Chapter 13: Simulation Modeling

William Beavis and Anthony Assibi Mahama

Quantitative genetic models are used to represent, describe, and quantify the genetic contributions to natural phenomena. These models can be arbitrarily simple, e.g., additive linear models, or complex, e.g., non-additive, non-linear models. R.A. Fisher and Sewell Wright had a decades-long debate about which type of model should be considered in the study of natural and artificial selection. Fisher and his disciples argued that the more complex models were not needed. Sewell Wright and his students argued that biology was inherently complex and needed non-linear non-additive models to accurately understand adaptation and evolution. Of course, both were correct, and both were wrong. As George Box reminds us, all models are wrong; some are useful. The choice of an appropriate model depends upon the purpose of the research.

Prior to this chapter, we investigated the development of theoretical quantitative genetic models for the purposes of conducting and interpreting analyses of plant breeding experiments. As noted, without the theoretical models, there would be no genetic understanding of the results. Theory provides predictions, and predictions are the basis for generating testable hypotheses. In this chapter, we introduce a far more practical justification for theoretical models: With a theoretical model, it is possible to simulate many different data analysis techniques and breeding strategies prior to conducting expensive experiments. In other words, natural and artificial systems can be modeled in silico for purposes of predicting unknown outcomes. Many in silico experiments can be compared, and the most promising can be used to compare methods or processes. If comparisons are based on objective criteria, such as accuracy, power, precision, efficacy, and efficiency, and if the model used for data analyses is the same as the model used for simulating data sets, we can make rational decisions about which methods to implement in plant breeding experiments.

Learning Objectives
  • Recognize limitations of experimental research
  • Translate QG models to simulation models
  • Translate simulation models to EXCEL software functions
  • Build confidence in the use of simulation models

History of Simulations

Geneticists first used computers to implement simulation models to evaluate limits to artificial selection (Hill and Robertson, 1968; Bulmer, 1976) in closed breeding populations. By 1988, Oscar Kempthorne, one of R.A. Fisher’s disciples, pointed out that the classical experimental and algebraic approaches were limited to unrealistic assumptions in breeding and evolutionary systems. Since 1988, plant and animal geneticists and breeders have used simulation models to evaluate the limits to emerging statistical methods (Beavis, 1994) and to choose among selection methods because experimental evaluation of breeding methods is time and resource-limited (Podlich and Cooper, 1998). To date, there have been over 15,000 publications in which the terms simulation and breeding occur in the title. Currently, there are numerous simulation software packages that have been developed and implemented for public and private research enterprises. Some are quite simple, while others are very flexible and complex. Generally, as the flexibility of the package increases, the learning curve associated with the complexity of the package also increases. Thus, some of these simulation packages require entire courses and years to master. While it is beyond the scope of this chapter to either advocate or teach any particular simulation package, we will learn how to implement the core quantitative and population genetic models that are part of every useful simulation package.

Core Elements

The core elements of simulation modeling include the genetic architecture of the trait(s), the structure of segregating generations derived from breeding populations, and the organization of the segregating genomes.

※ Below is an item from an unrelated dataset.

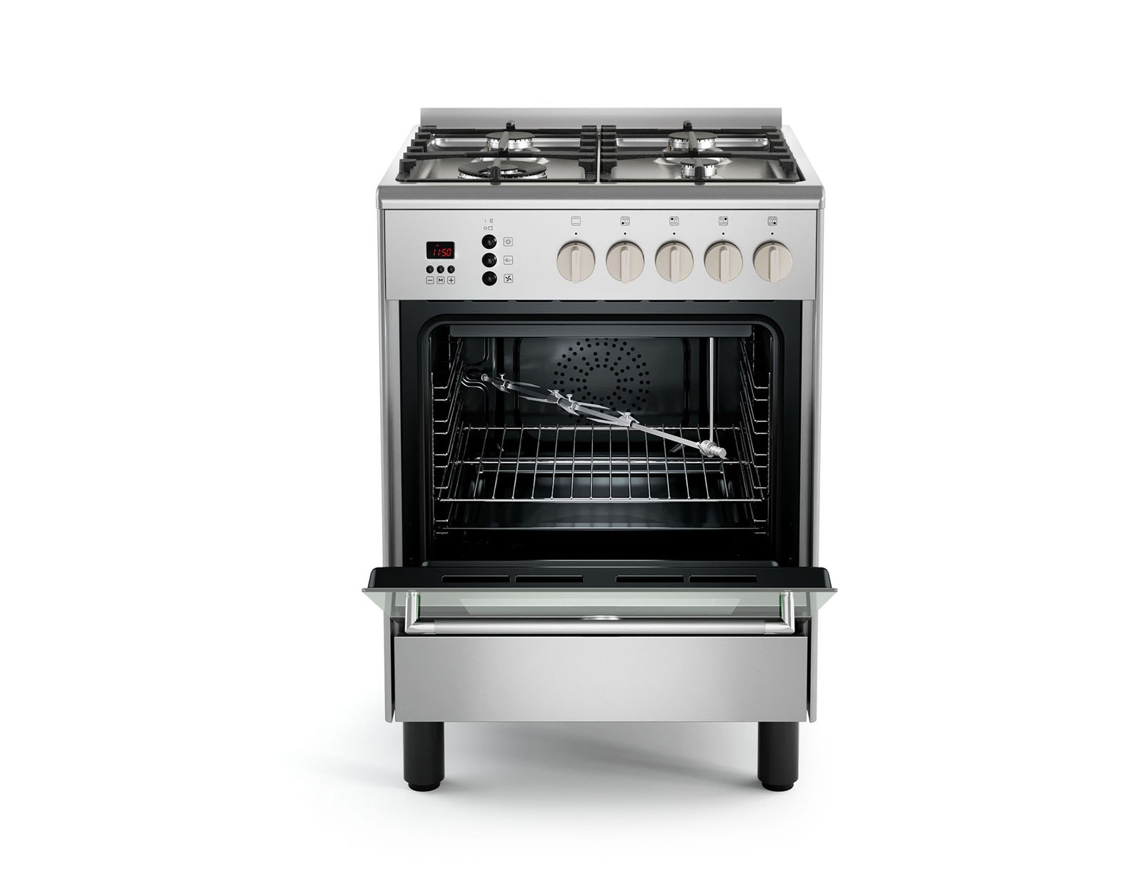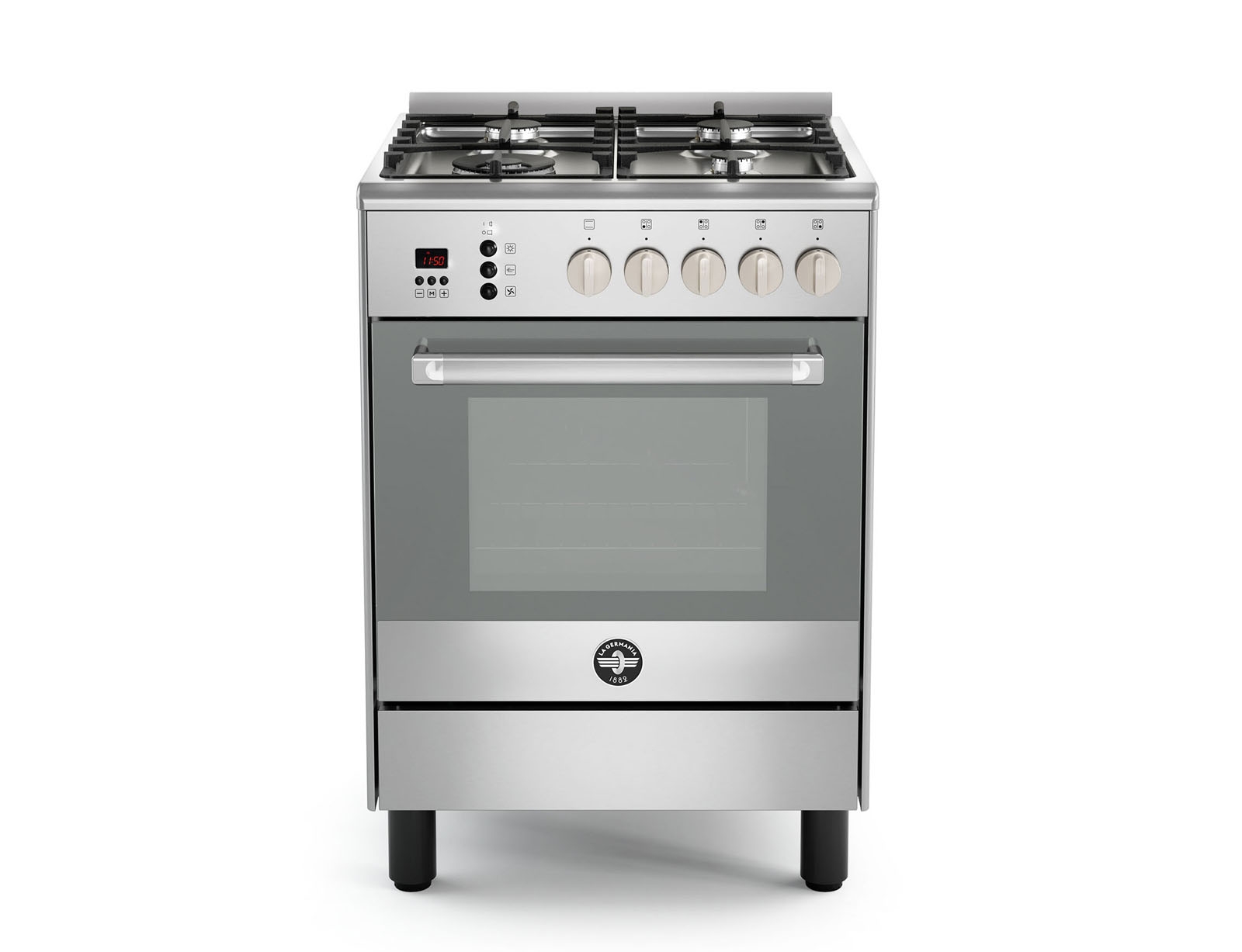 Κουζίνα La Germania CLS64C81BX με φούρνο και εστίες υγραερίου, χωρητικότητα φούρνου 60L, μηχανισμό σούβλας, 5 λειτουργίες ψησίματος και ενεργειακή κλάση Α

Before we decide on the genetic architecture of the trait, we need to know the structure of the segregating generation derived from the breeding population. In diploid organisms, there are usually three genotypes at a SNP locus: {aa, ac, cc} or {tt, tg, gg}. Let us consider a locus with the second triplet, {tt, tg, gg}. If we decide to simulate a random mated population, then each of the three genotypes {tt, tg, gg} will occur at a frequency of p2, 2pq, and q2. To decide which genotype is going to be assigned to an individual, we should obtain a random sample of a number from the Uniform[0,1] distribution. If the random number is in the interval [0,p2], then we will assign the genotype ‘gg’ to individual i. If the random number is in the interval [p2, p2+2pq], then we will assign the genotype ‘tg’ to individual i; otherwise, we will assign the genotype ‘tt’ to individual i.

Obtaining a random sample from any distribution will depend on the syntax of the software system we decide to use for simulating the data. Since most students have experience with spreadsheet types of software, we will first learn how to use Excel for simulating SNP genotypes at a single locus in a random mating population, where p (frequency of g) = 0.3. The frequency of ‘gg’ genotypes at this locus will be 0.09, the frequency of ‘tt’ genotypes will be 0.49, and the frequency of heterozygous genotypes will be 0.42. Thus, if we sample a random number from the uniform distribution in the interval [0, 0.09], then we will assign the genotype ‘gg’ to individual i; in the interval from (0.09, 0.51], we will assign the genotype ‘gt’ to individual i; otherwise, we will assign the genotype ‘tt’ to individual i.

Excel-Based Simulation

Step 1

With these parameters, we will use the Excel functions “IF” and “RAND” in the following steps:

  1. Assign a sampleid designator to the first column.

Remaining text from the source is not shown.